She pointed to her record in West Hollywood, where in her first two years, 60 items she spearheaded were passed.
“Just because we’re all Democrats [on the West Hollywood City Council] does not mean we all agree,” she said, noting that many of the items she’s worked on have endured and evolved through intense conversations and compromises with her colleagues.
She thinks a personable style could help get through important legislation, including her first goal of crafting a bill that would fight climate change by incentivizing compostable alternatives to plastics. When she headed a motion that banned plastics where there were compostable alternatives, Shyne said the council knew the compostable market was “very small,” but the city anticipated problems smaller businesses might have in the transition.

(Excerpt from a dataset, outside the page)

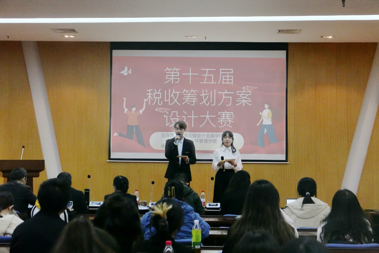 11月15日,由校团委、财税与公共管理学院主办,财税学社承办的第十五届税收筹划方案设计大赛在文翔路校区举行。上海海关学院海关与公共经济学院院长崔志坤,财税与公共管理学院税收学教授赵迎春,税务教研室主任赵海益,税收学教师出席比赛并担任评委。

“It costs businesses quite a bit more money to use compostables. And because it’s a small market, there hasn’t been as much innovation yet … So, what we ended up doing [is tiering] the timeline for bigger businesses we felt wouldn’t have as much of a hit on their profits, [such as] Target, grocery stores, Starbucks.”
She added that in bringing this bill to Congress, she would want the federal government to use a grant process for compostable alternatives creation, making an economic market for entrepreneurs and new businesses.
“By doing that, by uplifting folks that want to get into this type of business, we put people to work, we’re supporting businesses and there isn’t going to be as much pushback, because when there are more of these businesses the costs will go down,” Shyne said.
She said that she takes a solution-oriented approach to governance.
“This is how I see my role in public office,” she added. “I know this is the issue, [so] here’s a solution that will bring [people] together.”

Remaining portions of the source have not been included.